Spheres of Knowledge

William Kent
Database Technology Department
Hewlett-Packard Laboratories
Palo Alto, California

Sept 1990

> 1 INTRODUCTION . . . 2
> 2 GENERAL CHARACTERISTICS . . . 3
>> 2.1 Remembered and Consulted Knowledge of Objects . . . 3
>> 2.2 Native and Known Objects . . . 4
>> 2.3 Functions . . . 4
>> 2.4 Expressions . . . 6
>> 2.5 Types . . . 6
> 3 IDENTITY AND IDENTIFIERS . . . 7
> 4 SCHEMAS . . . 8
> 5 PERSISTENCE, CONCURRENCY OF SPHERES . . . 8
> 6 INCONSISTENT AND MULTIPLE KNOWLEDGE . . . 8
> 7 NAMING CONVENTIONS . . . 8

1 INTRODUCTION

We want our databases to be infallible windows on reality. When we need travel information, we want the database to list the actually available flights to our destination. Once in a while we're disappointed: it may list a flight that doesn't exist, or not list a flight that does exist. The database may or may not know a lot of other things about a real flight, such as the type of aircraft, or the movies to be shown.

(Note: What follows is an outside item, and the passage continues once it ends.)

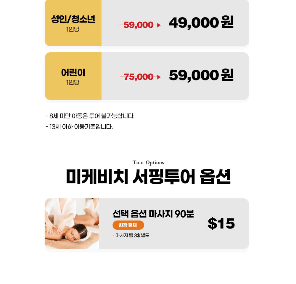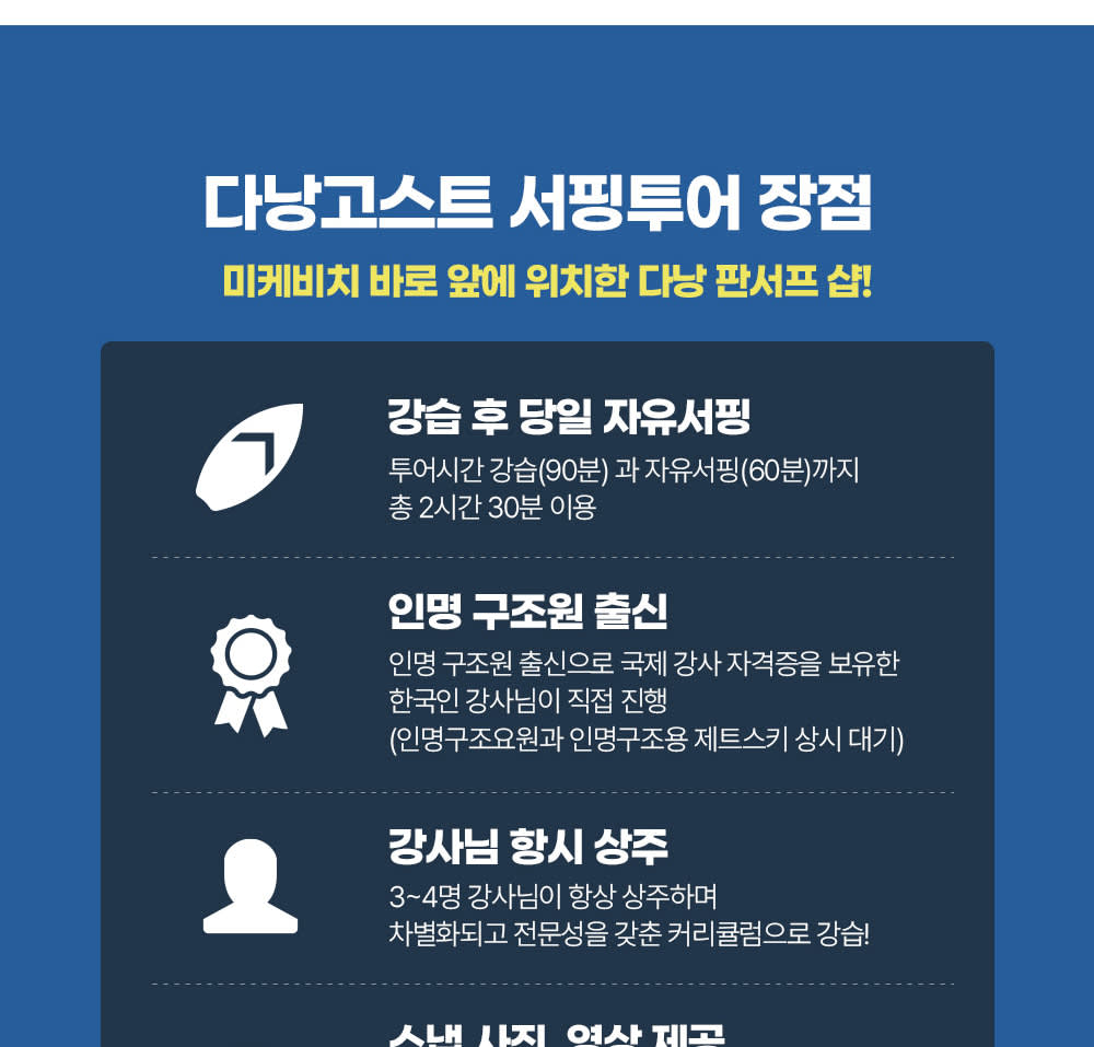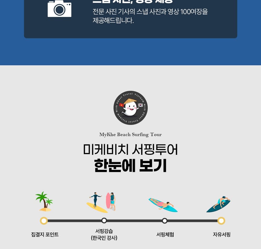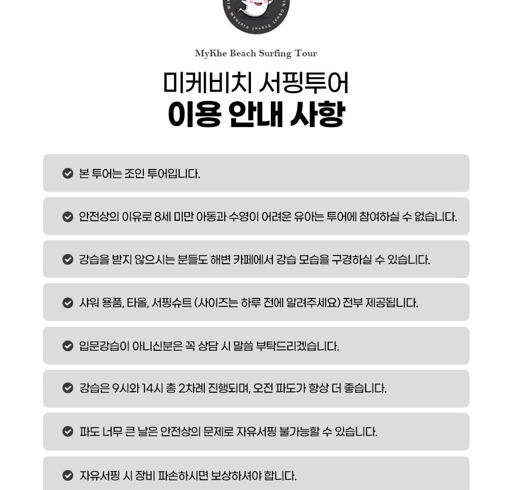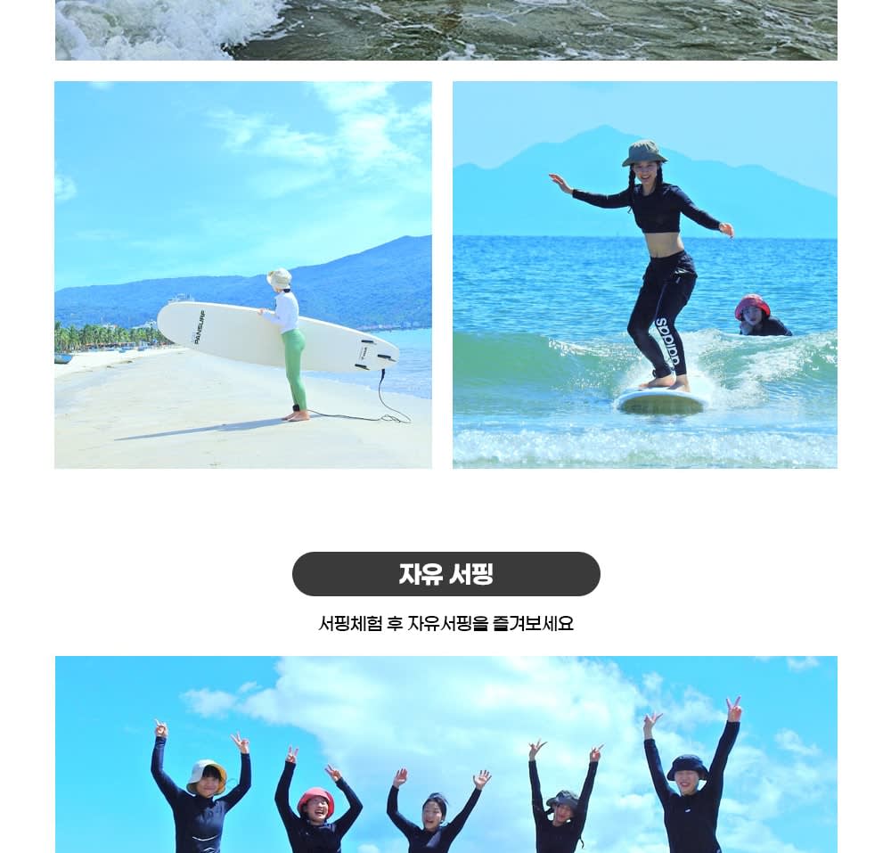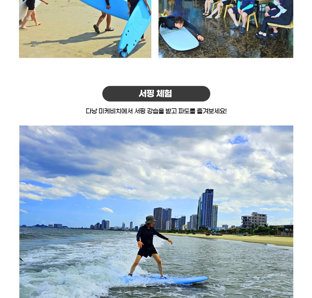 - 베트남에서 더 많은 투어를 즐기고싶다면, 에서 확인해보세요! * 다낭 미케비치에서 한국인 전문 강사님에게 서핑을 쉽고 재미 있게 배워 보세요. * 세계적인 해변 다낭 미케비치의 강력한 파도를 온 몸으로 느끼며 스릴을 즐겨 보세요. * 안전이 최우선이며, 미케비치 해변은 수심이 얕아 초중급자가 서핑을 즐기기 좋아요.

It's like being disappointed in a travel agent in whom we've had a lot of confidence. Neither the travel agent nor the database are infallible windows on reality, but fallible agents of knowledge about reality. The knowledge of either one might be inaccurate or incomplete.

We begin to realize that, far from being windows on reality, they are memory banks of information. They only know what they've been told.

This is an important metaphorical shift, affecting the way we think about the semantics of databases.

Dealing with multiple databases introduces a new twist: inconsistency. A single database or travel agent can at least maintain internal consistency of its knowledge, even if it is incorrect. Semantic models and schemas of databases rest on an assumption of consistency. But multiple databases are likely to be inconsistent.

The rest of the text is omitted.